This event report is based on a webcast discussion on “Comprehensive Data Governance: Evolution, Challenges, and the Way Forward for Policy” by Prof. Susan Ariel Aaronson. The event is organized by the Generation Alpha Data Center (GenAlphaDC) at IMPRI Impact and Policy Research Institute, New Delhi.
The distinguished speaker was Prof Susan Ariel Aaronson, Research Professor of International Affairs, and Director, Digital Trade and Data Governance Hub, Elliott School of International Affairs, The George Washington University, Washington, DC, USA. Discussant was Ms. Urvashi Prasad, Director, Development Monitoring and Evaluation Office (DMEO), NITI Aayog
Introduction and Opening Remarks

The Web Policy Talk session on the topic of Comprehensive Data Governance was initiated by Mahima Kapoor where she went on to introduce Dr Susan Ariel Aaronson and opened the floor for her detailed presentation. The lecture is based on The State of Statistics – #DataDisclosure series where the Current State, Challenges, and the Way Forward were discussed from a policy point of view in the domain of Data Governance.
The Difficulties of Data Governance

Data is the most collected, analyzed, shared, and traded ‘good’ and/or ‘service’ around the world. Therefore, policymakers know how to govern statistical data and proprietary data (such as trade secrets). The collected data has to be governed in a more transparent, equitable, and accountable manner. With the new influx of big data, governance is becoming increasingly difficult with regard to data governance. The Organisation for Economic Co-operation and Development (OECD)defines Data Governance as principles, policies, standards, laws, regulations, and agreements designed to control, manage, share, protect and extract value from various types of data.
Dimensions of a comprehensive approach to Data Governance
In order to have a comprehensive approach to data governance, it is important to be strategic and create plans for the different contexts of data use and reuse. We must also account for the regulatory measures and construct a legal regime around different data types and/ or uses. For example, Personal Data Protection Law, Open Data Law (open by default), Freedom of Information Act, legal right to be protected from automated decision-making, and legal right to data portability.
Fundamentally, we have to be responsible and should think about ethical, trust, and human rights implications of data use and re-use.
In addition, it is necessary to be adaptable for the government as the governing bodies alter institutional structures in response to data-driven transformation. A good way to keep refining the approach is by incorporating feedback mechanisms that incorporate a multi-stakeholder perspective. Lastly, it is also important to regularly participate in the international efforts for establishing effective data governance rules.
India in the context of Data Governance

Based on the current state of global data governance, the United Kingdom had seemed to incorporate more aspects of data governance in their framework. It does not necessarily mean that it’s good, but it is simply that we do not know. That being said, the UK had more of the attributes than any other nation.

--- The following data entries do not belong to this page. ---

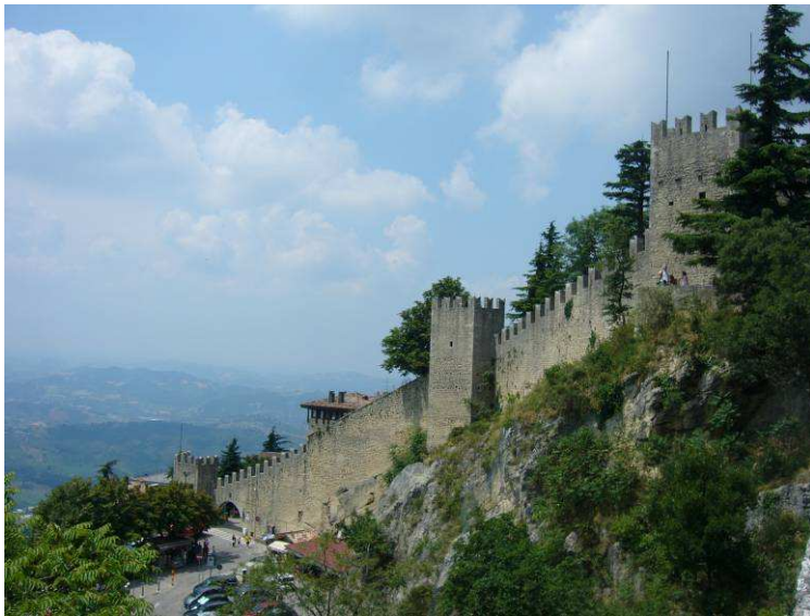
Her ser vi tilbake. Det første tårnet ligger bak murene.
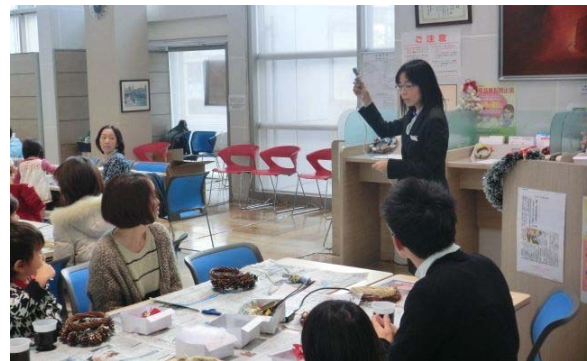
第一回日曜相談会（クリスマスリース作り）
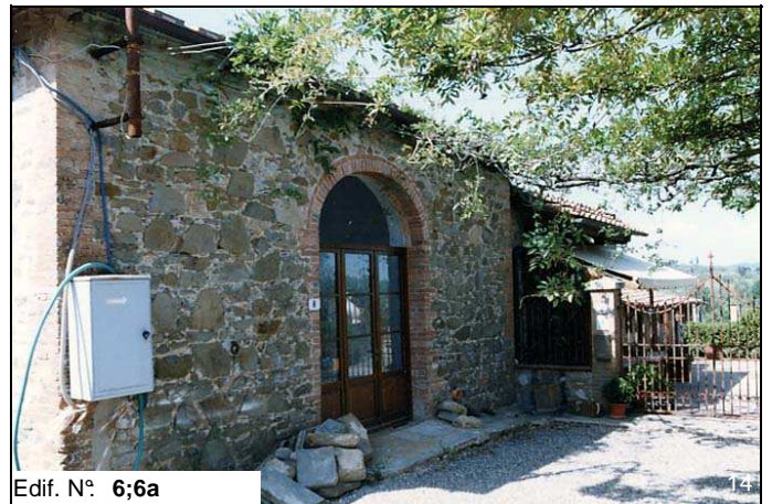
Edif. N° 6;6a

They have introduced several laws in the recent past including the Freedom of Information Act 2000, Data Protection Act, 2018, and The Data Protection, Privacy and Electronic Communications (EU Exit) Regulation 2020. When comparing to the other nations, India seems to be catching up with the current global standards, but it still has some areas to focus and improve upon.

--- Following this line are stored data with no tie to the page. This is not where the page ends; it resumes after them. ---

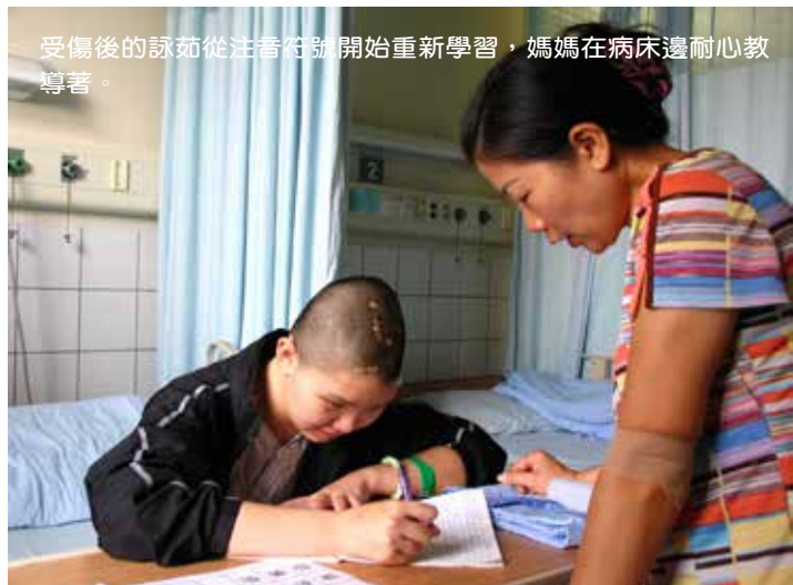
受傷後的詠茹從注音符號開始重新學習，媽媽在病床邊耐心教導著。
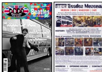
Abb.: BBFC 64 - Cover und Rückseite

DVD 10-MINUTE TEACHER - NORWEGIAN WOOD. 5,95 € MEHR INFO
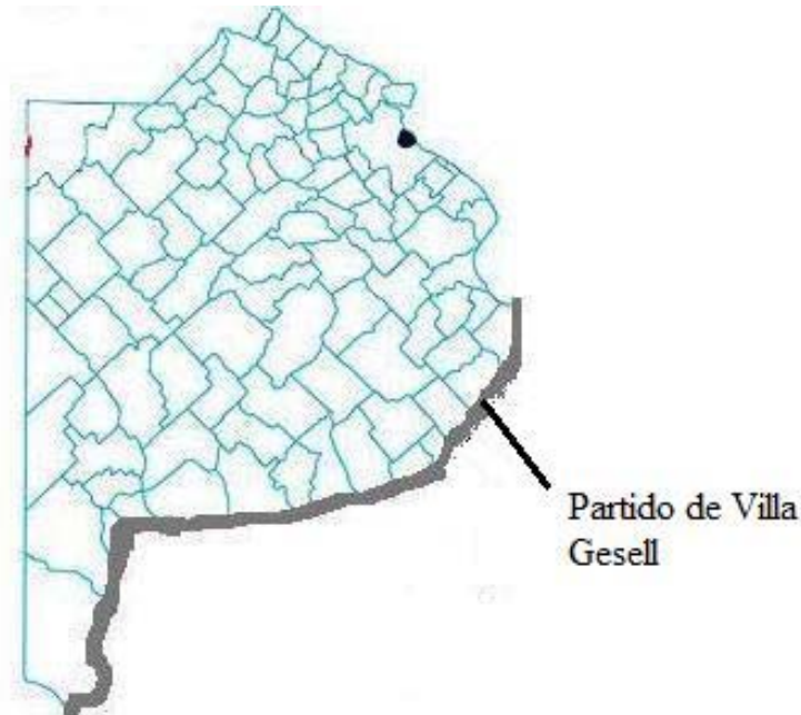
Mapa 1: Ubicación del Partido de Villa Gesell en el litoral marítimo de la Provincia de Buenos Aires

las Pampas, a pesar de sus similitudes en aspectos históricos y geoambientales, con esos espacios.

Currently, the Personal Data Protection Bill in India is still pending. In fact, India was listed amongst the countries with the lowest composite scores of data governance. The scores are based on the dimensions of a comprehensive approach to data governance which states most and the least comprehensive based on the data governance metrics. The scale is out of 100, and the countries are measured and organized based on their overall points.
Essential Takeaways
No one completely knows what comprehensive (or effective) data governance looks like. There is no formal program of data governance capacity building. The policymakers are just beginning to think about the spillover effects of data governance on their economy and on the achievement of other policy goals. As of the current state, there is significant convergence in personal data rules governing the public sector’s use of personal data. There has been a major convergence on the public data governance domain and there have also been some convergences on proprietary data governance.
There has been a significant convergence in trade agreements governing cross-border data flows.
Next Steps
This is only the first iteration and there are future additions that are planned in terms of both the indicators and countries covered. There will also be a website that will be created to showcase dimensions and results by categorized country. These results will be analyzed and compared along with regional, income, and other groupings. Lastly, the feedback mechanisms, indicators of proprietary data governance, measurable impact of data use, and re-use have to be further enhanced and developed.
Closing Remarks
In this final segment, Prof Aaronson answered the questions and points raised by the participants and the audience. The range of questions addressed includes topics such as, what would be an ideal measure of regulation in the domain of data governance when comparing countries like the United Kingdom? How do AI, blockchain, and other technologies enable data analysis and how can it aid in the act of data governance? How can India leverage the data governance architecture to become a thriving digital economy? After answering these questions, Dr Susan Aaronson put forth her closing remarks, upon which the webinar was concluded.
Acknowledgment: Dhimaan Sarkaar, (MS. Business Analytics – Loyola Marymount University, Los Angeles, CA) is a Research Intern at IMPRI.